本项目目的是用tensorflow里面contrib.learn工具包对文本进行词向量训练和分类，相比以前低版本的tensorflow，1.0版本提供了很多方便的高级接口。本文的数据使用了20类新闻，具体原型代码可以参看tensorflow[文本分类示例](https://github.com/tensorflow/tensorflow/blob/r1.0/tensorflow/examples/learn/text_classification.py)。

## 加载工具包

In [1]:
from __future__ import absolute_import
from __future__ import division
from __future__ import print_function

import argparse
import sys

import numpy as np
import pandas
from sklearn import metrics
import tensorflow as tf

learn = tf.contrib.learn
from tensorflow.contrib.layers.python.layers import encoders

## 读取20类新闻数据

In [59]:
from sklearn.datasets import fetch_20newsgroups
import string
import re
news_train = fetch_20newsgroups(subset='train', shuffle=True, 
                                remove=('headers'), random_state=11)
news_test = fetch_20newsgroups(subset='test', shuffle=True, 
                                remove=('headers'), random_state=11)

In [98]:
#清除数字和换行符，将标点符号当作词
def cleanText(corpus):
    for c in string.punctuation:  
        corpus = [z.lower().replace(c,' %s '%c ) for z in corpus]
    #corpus = [re.sub('['+string.punctuation+']', '', s) for s in corpus]
    corpus = [re.sub('['+string.digits+']', '', z) for z in corpus]
    corpus = [z.lower().replace('\n','') for z in corpus]    
    return corpus
X_train = cleanText(news_train.data)   
X_test = cleanText(news_test.data)  

In [99]:
y_train, y_test = news_train.target, news_test.target

## 读取DBpedia文件

In [17]:
train = pandas.read_csv('dbpedia_csv/train.csv', header=None)
X_train, y_train = train[2], train[0]
test = pandas.read_csv('dbpedia_csv/test.csv', header=None)
X_test, y_test = test[2], test[0]

In [18]:
print(X_train.shape)

(560000,)


In [21]:
#随机选取一部分样本进行计算
index = np.random.choice(a=range(len(X_train)),size=160000,replace=False)
X_train = X_train[index]
y_train = y_train[index]

### 建立词库和文本向量矩阵

In [30]:
MAX_DOCUMENT_LENGTH = 100
EMBEDDING_SIZE = 30
n_words = 0

In [31]:
# 处理词库
vocab_processor = learn.preprocessing.VocabularyProcessor(MAX_DOCUMENT_LENGTH)
x_train = np.array(list(vocab_processor.fit_transform(X_train)))
x_test = np.array(list(vocab_processor.transform(X_test)))
n_words = len(vocab_processor.vocabulary_)
print('Total words: %d' % n_words)

Total words: 363501


## 词袋子模型

In [7]:
def bag_of_words_model(features, target):
  """词袋子模型，将文章看成单词集合，忽视先后顺序"""   
#
  target = tf.one_hot(target, 15, 1, 0)
  features = encoders.bow_encoder(
      features, vocab_size=n_words, embed_dim=EMBEDDING_SIZE)
  logits = tf.contrib.layers.fully_connected(features, 15, activation_fn=None)
  loss = tf.contrib.losses.softmax_cross_entropy(logits, target)
  train_op = tf.contrib.layers.optimize_loss(
      loss,
      tf.contrib.framework.get_global_step(),
      optimizer='Adam',
      learning_rate=0.01)
  return ({
      'class': tf.argmax(logits, 1),
      'prob': tf.nn.softmax(logits)
  }, loss, train_op)

In [8]:
model_fn = bag_of_words_model
classifier = learn.Estimator(model_fn=model_fn)

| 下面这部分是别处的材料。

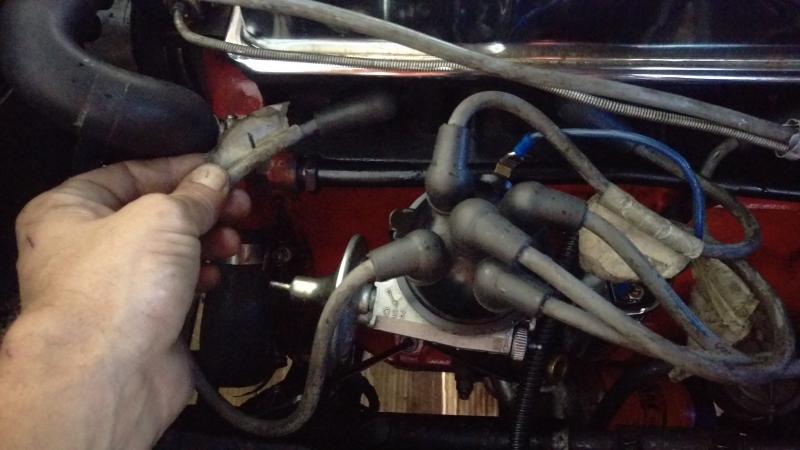 The second type of timing light...is just an electrical test light. For this one, it is not designed to take the thousands of volts in the high tension side...so it goes on the low tension side of the distributor. One side of the simple light goes to the Negative on the battery (assuming you are still positively grounded). The second side will clip to the wire coming out of the distributor...and it can be on the coil.
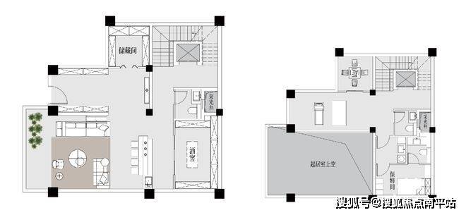 采光天井的布置,放大采光量,使得夹层的使用率大大提高,保姆房就可以布置在此。
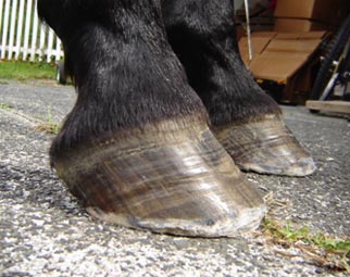Note the angle of the coronet band - it is almost ground parallel which indicates excessive weight bearing force is centred on the toe area rather than the heel.
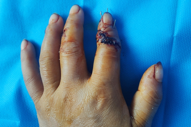 患者曾女士,因在三台某工地操作电锯时被锯伤左手,导致左手食指完全离断,左手拇指、中指、环指切割伤,伤后患者立即来我院就诊。经科室讨论后立即制定断指再植的手术方案。
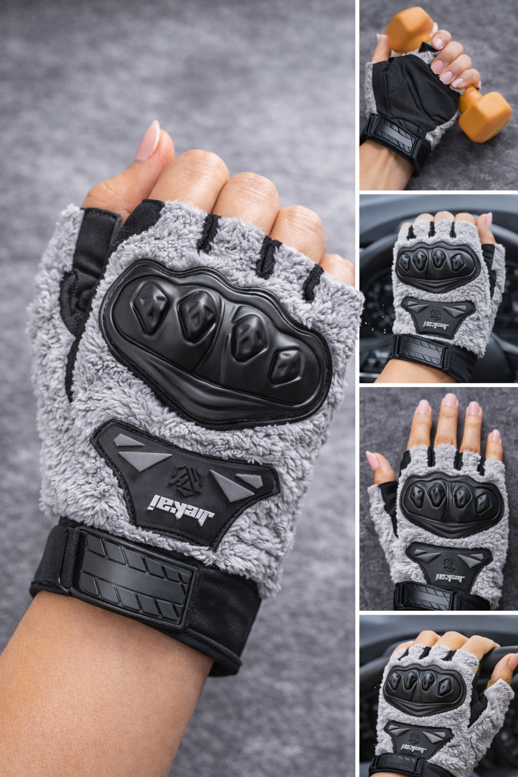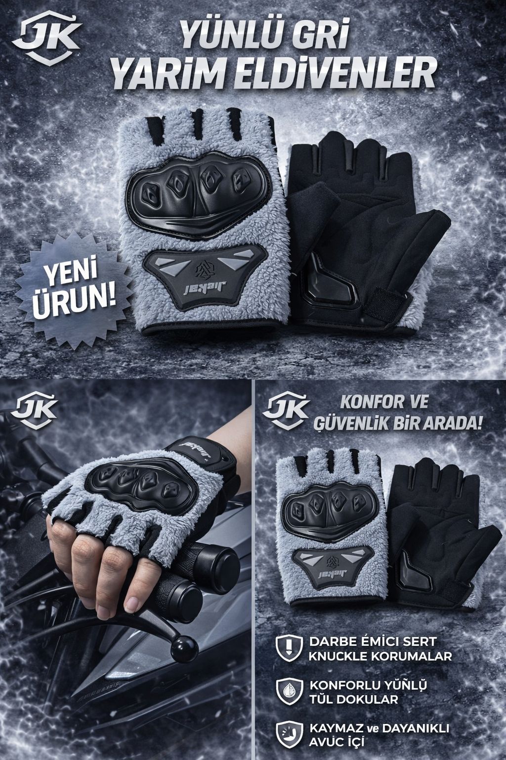 JK Peluşlu Yarım Eldiven – Gri, konforu, sıcaklığı ve şıklığı bir arada arayan kullanıcılar için stoklarımıza girmeye hazırlanan özel bir üründür. Hem günlük kullanım hem de motosiklet sürüşlerinde fark yaratmak isteyenler için ideal bir seçimdir.
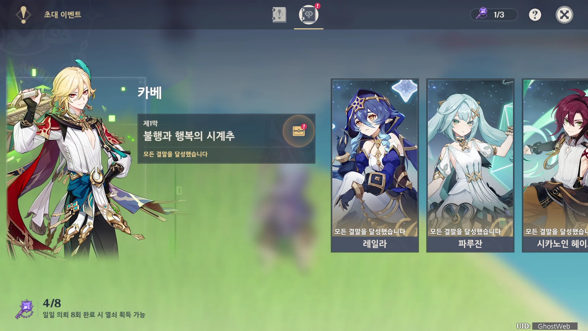 이번에는 카베 초대 이벤트 제1막 불행과 행복의 시계추를 정리해보도록 할게요.
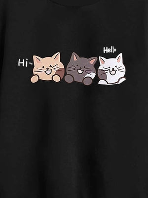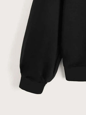 Black Round Neck Graphics Printed Long Sleeves Polyester Sweatshirt
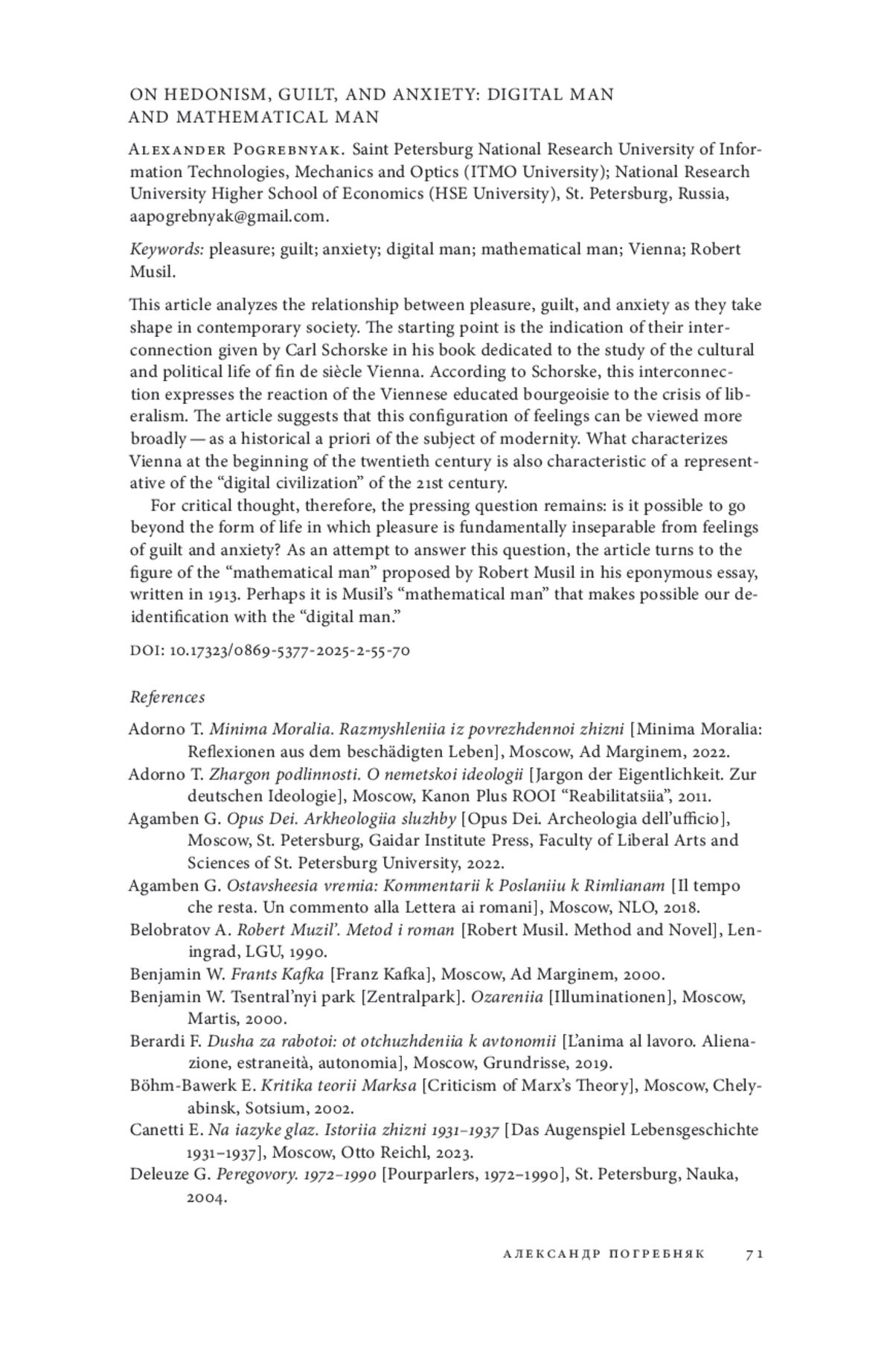 В статье анализируются отношения между удовольствием, виной и тревогой, как они складываются в современном обществе. Отправной точкой служит указание на их взаимосвязь, данное Карлом Шорске в книге, посвященной исследованию культурной и политической жизни Вены периода fin de siècle. Согласно Шорске, в этой взаимосвязи выражается реакция венской образованной буржуазии на кризис либерализма. В статье делается предположение, что данную конфигурацию чувств можно рассматривать более широко — как историческое априори субъекта современности. То, что характеризует Вену начала двадцатого века, характерно и для представителя «цифровой цивилизации» века двадцать первого. Для критической мысли поэтому остается актуальным вопрос о том, возможно ли выйти за рамки той формы жизни, где удовольствие оказывается принципиально неотделимым от чувства вины и тревоги? В качестве попытки ответить на этот вопрос предлагается обратиться к образу «математического человека», предложенному Робертом Музилем в одноименном эссе, написанном в 1913 году. Может быть, именно «математический человек» Музиля делает возможной нашу де-идентификацию с человеком «цифровым».
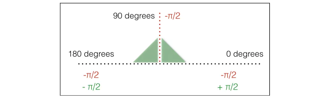 起初,你把所有的粒子都配置成直线向上(以-π/2角度)。上面的代码指示发射器为每一个粒子(-π/2 - π/2)=180度,(-π/2 + π/2)=0度,如下图所示:
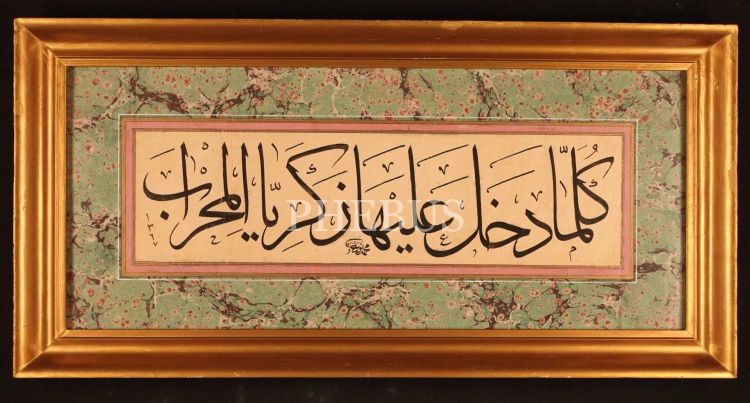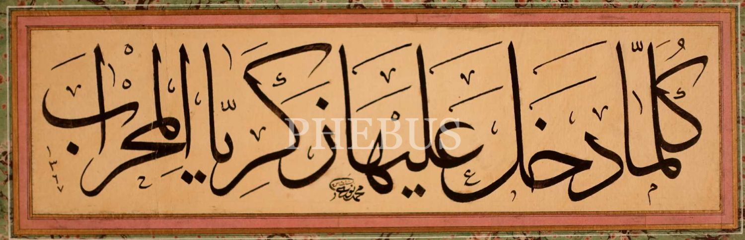 anlamı: "zekeriyyâ mihrâba her girdiğinde.." Al-i İmran 37

INFO:tensorflow:Using default config.
INFO:tensorflow:Using config: {'_task_type': None, '_environment': 'local', '_tf_random_seed': None, '_save_checkpoints_steps': None, '_evaluation_master': '', '_keep_checkpoint_every_n_hours': 10000, '_task_id': 0, '_keep_checkpoint_max': 5, '_save_summary_steps': 100, '_tf_config': gpu_options {
  per_process_gpu_memory_fraction: 1
}
, '_cluster_spec': <tensorflow.python.training.server_lib.ClusterSpec object at 0x000001E70F210940>, '_is_chief': True, '_master': '', '_save_checkpoints_secs': 600, '_num_ps_replicas': 0}


In [11]:
# Train and predict
classifier.fit(x_train, y_train, steps=100)
y_predicted = [
    p['class'] for p in classifier.predict(
        x_test, as_iterable=True)]
score = metrics.accuracy_score(y_test, y_predicted)
print('Accuracy: {0:f}'.format(score))

Instructions for updating:
Estimator is decoupled from Scikit Learn interface by moving into
separate class SKCompat. Arguments x, y and batch_size are only
available in the SKCompat class, Estimator will only accept input_fn.
Example conversion:
  est = Estimator(...) -> est = SKCompat(Estimator(...))
Instructions for updating:
Estimator is decoupled from Scikit Learn interface by moving into
separate class SKCompat. Arguments x, y and batch_size are only
available in the SKCompat class, Estimator will only accept input_fn.
Example conversion:
  est = Estimator(...) -> est = SKCompat(Estimator(...))
Instructions for updating:
Use tf.losses.softmax_cross_entropy instead.


  equality = a == b


Instructions for updating:
Use tf.losses.compute_weighted_loss instead.
Instructions for updating:
Use tf.losses.add_loss instead.
INFO:tensorflow:Create CheckpointSaverHook.
INFO:tensorflow:Saving checkpoints for 101 into C:\Users\ADMINI~1\AppData\Local\Temp\2\tmpz6y0m1a2\model.ckpt.
INFO:tensorflow:loss = 0.0851872, step = 101
INFO:tensorflow:Saving checkpoints for 133 into C:\Users\ADMINI~1\AppData\Local\Temp\2\tmpz6y0m1a2\model.ckpt.
INFO:tensorflow:Saving checkpoints for 165 into C:\Users\ADMINI~1\AppData\Local\Temp\2\tmpz6y0m1a2\model.ckpt.
INFO:tensorflow:Saving checkpoints for 196 into C:\Users\ADMINI~1\AppData\Local\Temp\2\tmpz6y0m1a2\model.ckpt.
INFO:tensorflow:Saving checkpoints for 200 into C:\Users\ADMINI~1\AppData\Local\Temp\2\tmpz6y0m1a2\model.ckpt.
INFO:tensorflow:Loss for final step: 0.0390103.
Instructions for updating:
Estimator is decoupled from Scikit Learn interface by moving into
separate class SKCompat. Arguments x, y and batch_size are only
available in the SKC

## RNN模型

In [24]:
def rnn_model(features, target):
  """RNN模型"""
  # 首先将单词转化成词向量
  # 然后将每篇文章映射成词向量集合
  word_vectors = tf.contrib.layers.embed_sequence(
      features, vocab_size=n_words, embed_dim=EMBEDDING_SIZE, scope='words')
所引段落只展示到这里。